I prayed and prayed and was so thankful it was a good stick and I was on my way to the tube. The tech got me loaded and asked for my radio preference.  I said Christian and he proceeding to pipe in the cheesiest 1970s type music I had ever heard.  I actually asked him to turn it off, but he forgot! He asked if I wanted to test the panic button and I actually did. It worked!

He said it would be 35 minutes of scans, but it ended up being closer to an hour in the machine because of long pauses between the segments. However, even with the wacky music, loud banging, IV and the not fun hospital gown, I was startled when they slid me out to put the dye in.  That is the power of prayer, folks! Not only was I not experiencing any anxiety or claustrophobia issues, but I had fallen asleep!

Thank you to those of you who had prayed.  Your prayers were very evident.

Unlike in December, I didn't get any calls with results.  I have learned that this is a good thing! When a doctor calls you personally and sooner than expected after a test, the news isn't good. ;)  I did get a notification a few days later, though, letting me know the results had been posted to my electronic chart.  I debated about even looking at them, but curiosity got the best of me. Due to my limited "doctor speak" knowledge, I was left with more questions than answers, but overall---according to a doctor friend and my nurse relatives, it was a good report.

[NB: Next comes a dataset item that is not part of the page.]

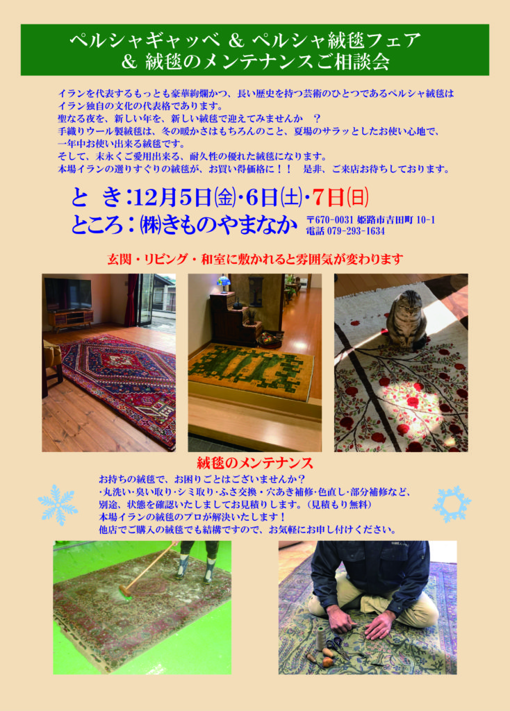 ギャッベ&ペルシャ絨毯フェアー開催します ~毎日きものやまなか~

It doesn't take any medical knowledge though to know that the meningioma has grown. The measurements showed it has increased in size by 1.5 mm in 3 directions. It just did what it should have done I guess.  It would have been a miracle for it to not have grown.  That just seems to be a lot of growth in a short amount of time. Knowing that caused a bit of anxiety as I really would prefer to not have anything growing in my brain! And I even felt sorry for myself for a short time too.  Asking questions like--Isn't one brain tumor enough? Isn't one craniotomy plenty (or craniectomy--that is technically what I had)? Just being honest! But the Lord, in His kindness, has once again restored peace. 

Isaiah 26:3-4
3 He will keep in perfect peace
    those whose minds are steadfast,
    because they trust in you.
Trust in the Lord forever,
    for the Lord, the Lord himself, is the Rock eternal.
When experiencing this anxiety and desire to wish the remaining tumor away, my mom wisely told me to relax and not worry, until someone in authority tells me otherwise. Love her!

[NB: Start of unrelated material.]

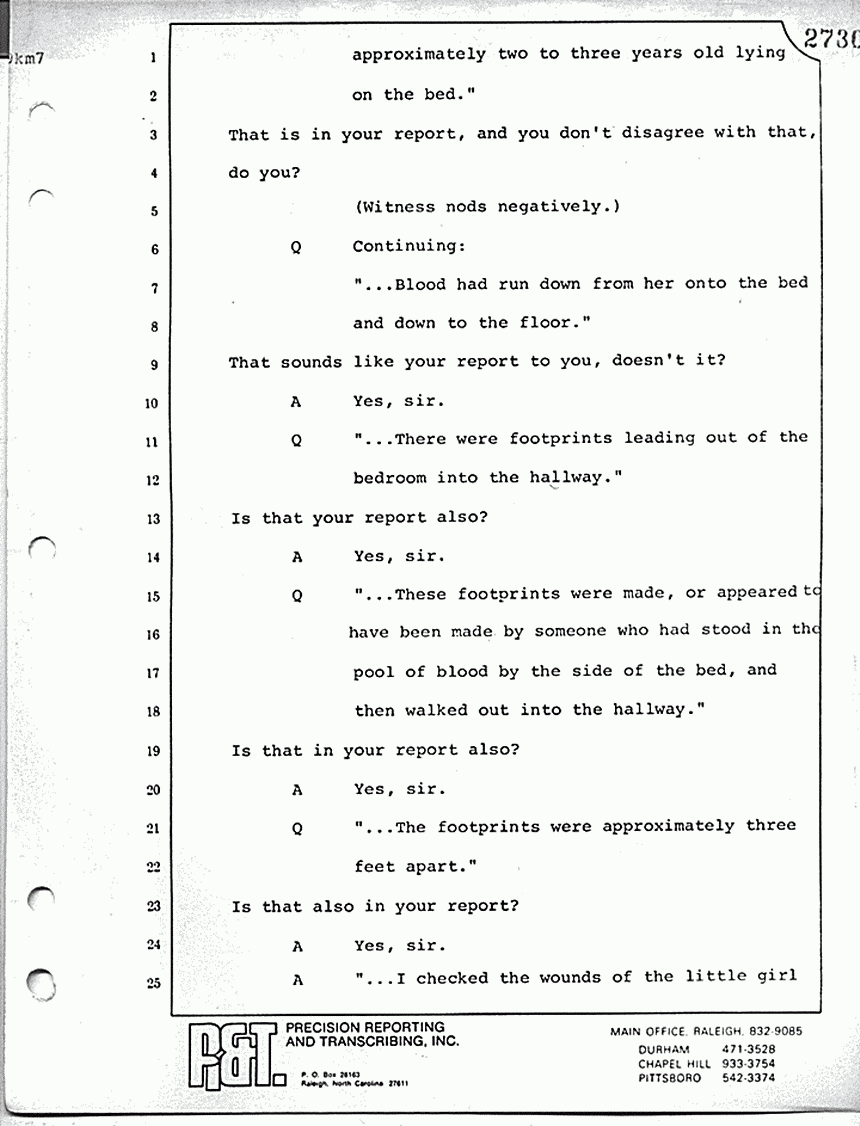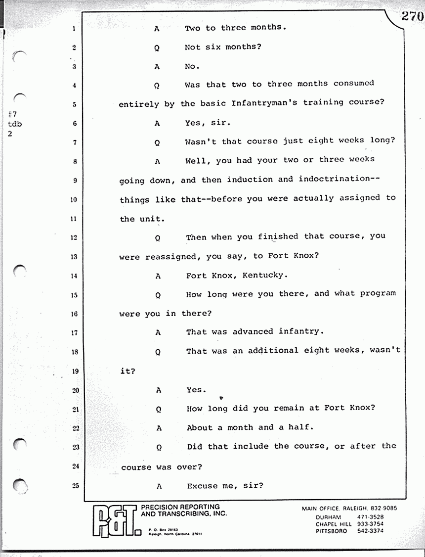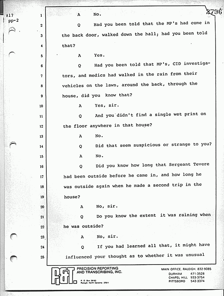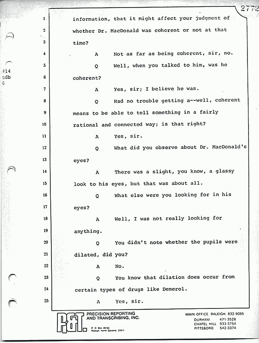 What is line 14? "Answer: Yes, sir. Question: And particularly, when he got to the point of Kristen and the gurgling. Answer: Right; he didn't want -- Question: -- and being in her room, that's when he would change the subject? Answer: That's right." Now, with respect to the military proceeding in 1970, do you know whether or not those proceedings were open or closed?

We see that "authority" today. I can already envision the appointment. Dr. Mickey will come in, make eye contact and ask a few questions...maybe even give me a portion of a neurological exam. Then his back will be turned to me as he looks at different views of my MRI on the screen and makes measurement after measurement after measurement...kind of like the 20 week sonogram when you are pregnant.  Then he will turn around. That is when in a caring, yet monotone and direct, voice he will give us some news.

I just pray that whatever the news is, that we will be able to receive it with peace and maintain our composure. During my initial appointment with him I was a mess and he commented that his nurses take off points for making a patient cry! ;) Hopefully no points taken off today!